### Task details
Only one stretch of the records below is wanted: the lines from the one holding "- Lounge boasts" through the one holding "Portable Bathtub, Foldable". Return it exactly, both ends included.

### Records to process
+ + +

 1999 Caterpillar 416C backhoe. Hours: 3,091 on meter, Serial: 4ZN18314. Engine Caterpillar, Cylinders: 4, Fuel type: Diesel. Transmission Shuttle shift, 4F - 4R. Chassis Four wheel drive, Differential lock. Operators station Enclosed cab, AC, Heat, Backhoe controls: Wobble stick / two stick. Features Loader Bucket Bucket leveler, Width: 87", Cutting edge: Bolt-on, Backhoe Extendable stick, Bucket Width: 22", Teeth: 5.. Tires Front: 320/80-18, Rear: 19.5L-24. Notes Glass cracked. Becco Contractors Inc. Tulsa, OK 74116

+ + +

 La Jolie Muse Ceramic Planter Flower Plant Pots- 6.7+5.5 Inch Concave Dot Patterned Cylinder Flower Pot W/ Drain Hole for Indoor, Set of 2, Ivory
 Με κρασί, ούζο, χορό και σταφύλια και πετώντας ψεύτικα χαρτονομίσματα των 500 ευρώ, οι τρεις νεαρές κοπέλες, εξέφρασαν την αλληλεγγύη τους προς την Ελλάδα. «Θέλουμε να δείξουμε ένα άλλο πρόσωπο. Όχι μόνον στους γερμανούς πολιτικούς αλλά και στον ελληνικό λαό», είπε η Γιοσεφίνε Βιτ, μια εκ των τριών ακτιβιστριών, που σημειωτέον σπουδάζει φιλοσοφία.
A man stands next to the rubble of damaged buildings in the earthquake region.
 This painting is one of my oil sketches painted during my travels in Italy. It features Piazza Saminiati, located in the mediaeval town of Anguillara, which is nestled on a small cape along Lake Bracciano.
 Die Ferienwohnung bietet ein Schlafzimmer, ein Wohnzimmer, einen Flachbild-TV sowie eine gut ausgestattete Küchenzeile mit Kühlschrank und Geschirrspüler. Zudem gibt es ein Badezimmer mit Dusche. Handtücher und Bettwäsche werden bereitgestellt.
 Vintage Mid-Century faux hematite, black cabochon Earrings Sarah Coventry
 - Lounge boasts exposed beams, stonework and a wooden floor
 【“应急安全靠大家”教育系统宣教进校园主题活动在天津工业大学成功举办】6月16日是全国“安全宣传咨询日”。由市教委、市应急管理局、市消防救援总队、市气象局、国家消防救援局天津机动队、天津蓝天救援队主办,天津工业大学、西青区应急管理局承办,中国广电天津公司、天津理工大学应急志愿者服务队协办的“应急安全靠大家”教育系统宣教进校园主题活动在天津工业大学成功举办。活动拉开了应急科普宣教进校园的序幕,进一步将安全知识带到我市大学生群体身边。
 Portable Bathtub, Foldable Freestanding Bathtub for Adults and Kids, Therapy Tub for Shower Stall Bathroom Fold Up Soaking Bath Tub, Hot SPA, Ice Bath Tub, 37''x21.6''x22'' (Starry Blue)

+ + +

### Completed exercise
 - Lounge boasts exposed beams, stonework and a wooden floor
 【“应急安全靠大家”教育系统宣教进校园主题活动在天津工业大学成功举办】6月16日是全国“安全宣传咨询日”。由市教委、市应急管理局、市消防救援总队、市气象局、国家消防救援局天津机动队、天津蓝天救援队主办,天津工业大学、西青区应急管理局承办,中国广电天津公司、天津理工大学应急志愿者服务队协办的“应急安全靠大家”教育系统宣教进校园主题活动在天津工业大学成功举办。活动拉开了应急科普宣教进校园的序幕,进一步将安全知识带到我市大学生群体身边。
 Portable Bathtub, Foldable Freestanding Bathtub for Adults and Kids, Therapy Tub for Shower Stall Bathroom Fold Up Soaking Bath Tub, Hot SPA, Ice Bath Tub, 37''x21.6''x22'' (Starry Blue)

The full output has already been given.